Литмир - Электронная Библиотека
Содержание  
A
A

Лавку отец передал перцовской делегатке Степаниде, бойкой, властной женщине, овдовевшей в последний год гражданской. Правда, вначале она все отказывалась, чуть ли не каждый вечер прибегала к нам, жалуясь, что у нее ничего не получается, что не приспособлена она к торговле, не ее это дело, а, должно, лабазниковское. Но отец кипел: как это лабазниковское? Подумала ли ты, делегатка, что говоришь? Да мы должны своей торговлей на хвост и горло наступить этим Лабазниковым.

— Не привыкнуть мне, Петрович! — сокрушалась Степанида. — Я лучше пойду камни ворочать, землю на тачке возить.
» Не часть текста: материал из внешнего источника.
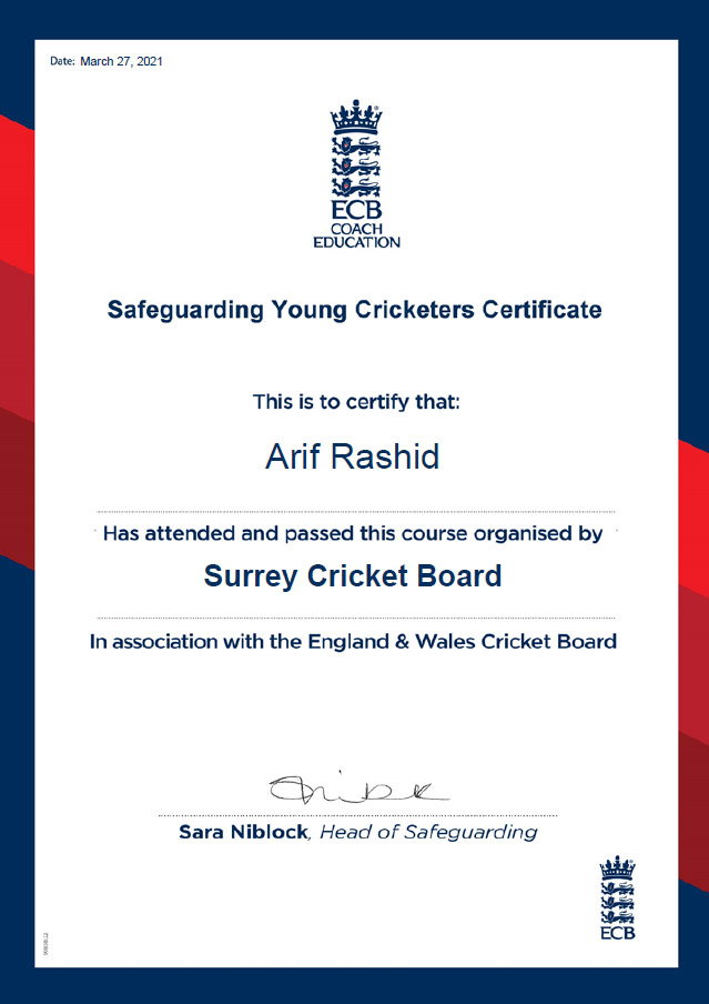 I, Arif Rashid, have been a coach for over 20 years with extensive experience. I am currently working as Coach at Ashtead CC, St. George’s Hospital University Medical School and In Touch Cricket.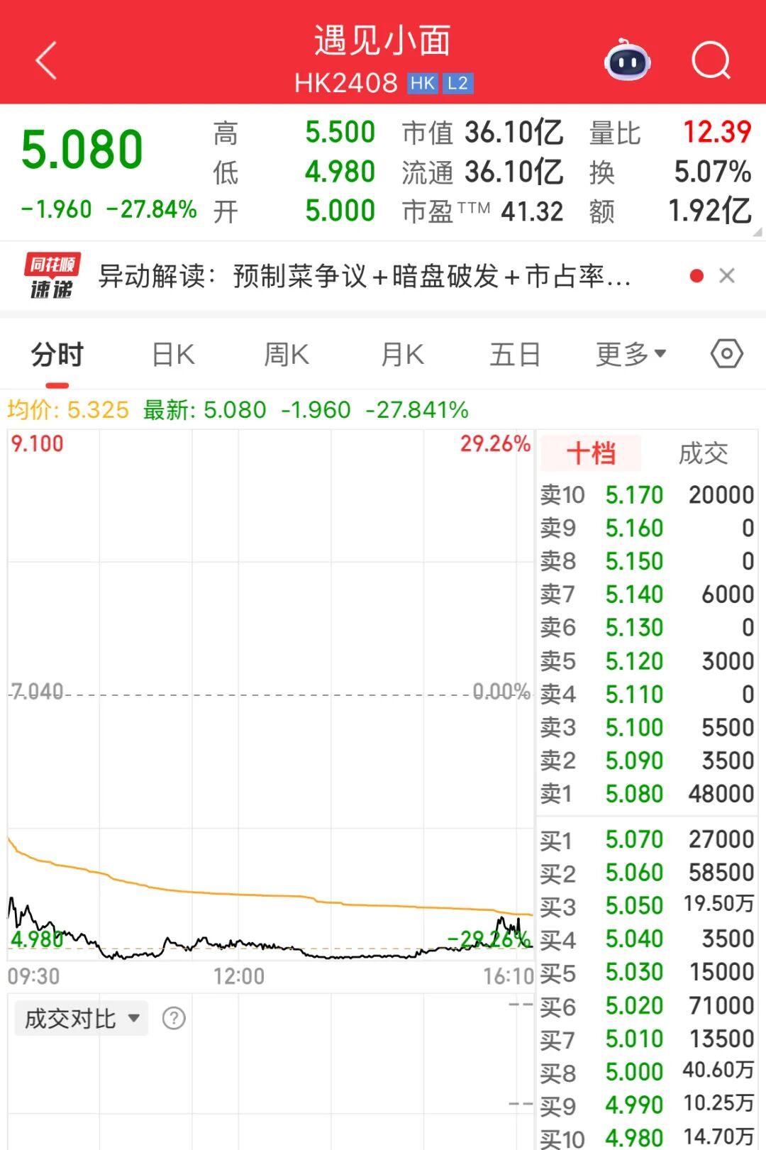 遇見小面以5港元/股的價格開盤,較發(fā)行價(7.04港元)大跌28.98%,后續(xù)股價持續(xù)低位震蕩,最終報收5.08港元,跌幅收窄至27.84%,對應(yīng)總市值36.1億港元。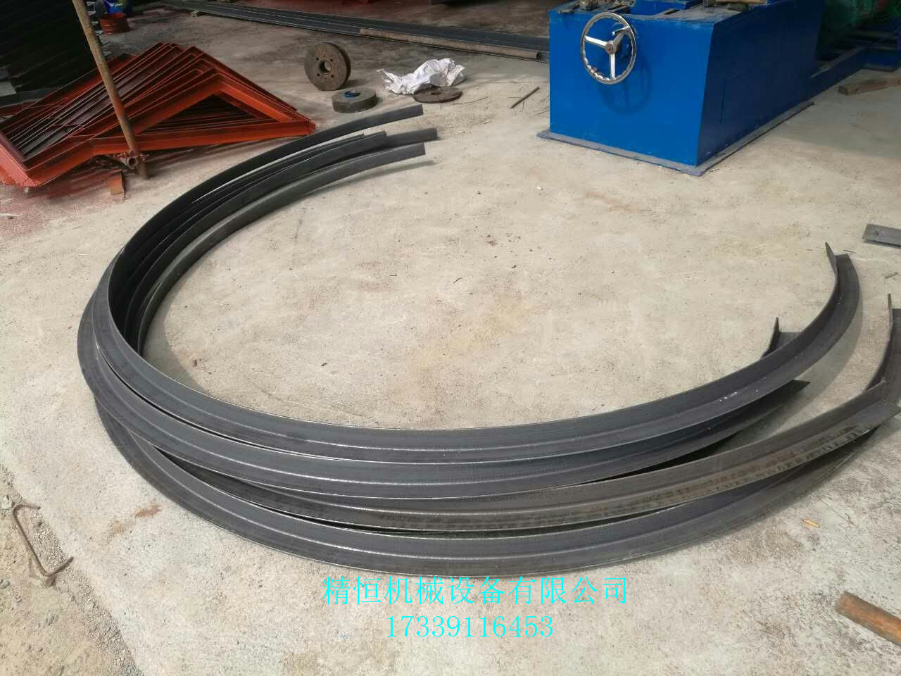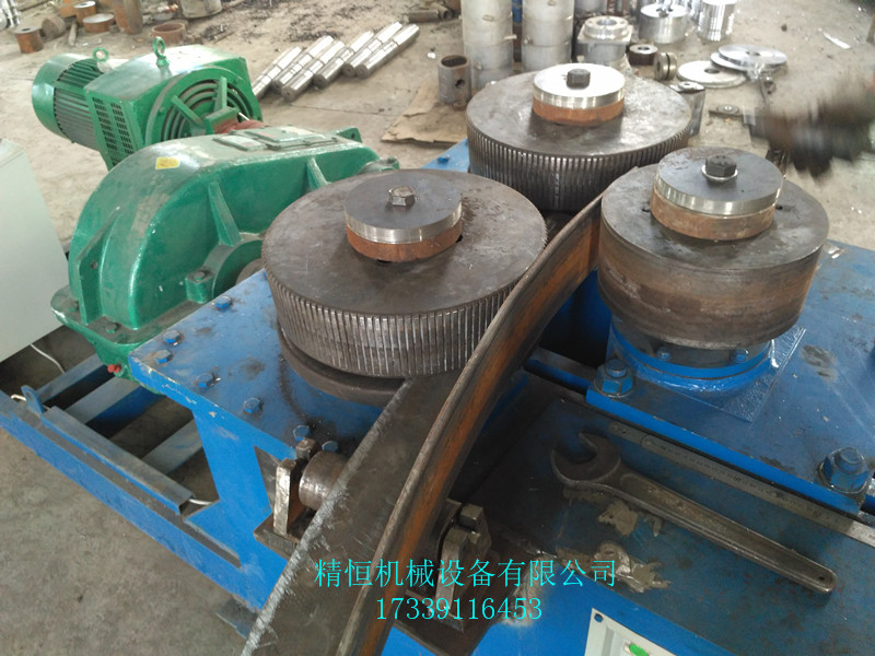 角铁法兰弯弧成型机安装使用:1、设备摆放平稳,四轮受力均匀。 2、设备使用前,先检查传动箱侧面油标所显示的油位,如果油位低于油线时,须从箱体盖上向箱体内注润滑油,直到达到油线位置。3、夏季注入40号机械油,冬季可注入20号机械油。正常使用半年后,换油一次,可保证设备正常运转和延长命。 4、操作人员了解并掌握该设备的结构及工作原理和保养检查点。 5、压轮进给时,先将上面圆螺母松开,进给到达一定位置后,再将圆螺母拧紧固定;被压轮进给时应将工件完全退出。6、摆线针减速机使用40号机械油。

Что угодно, только не торговать. Не умею.

— Должна! У тебя ж зрение, Степушка!.. — настаивал отец.

И подсказывал, что и как делать, как раскладывать и сохранять от порчи товары. Степанида не умела пользоваться счетами. Отец научил ее и считать. Кстати сказать, глядя на них, я тоже научился орудовать костяшками счет.

Нет, не ушла Степанида из лавки, со временем привыкла к незнакомому делу. Слепой-то, мол, ты слепой, а увидел, что к чему, сумел настоять на своем, и теперь, дескать, никаким уж Лабазниковым не сдадимся.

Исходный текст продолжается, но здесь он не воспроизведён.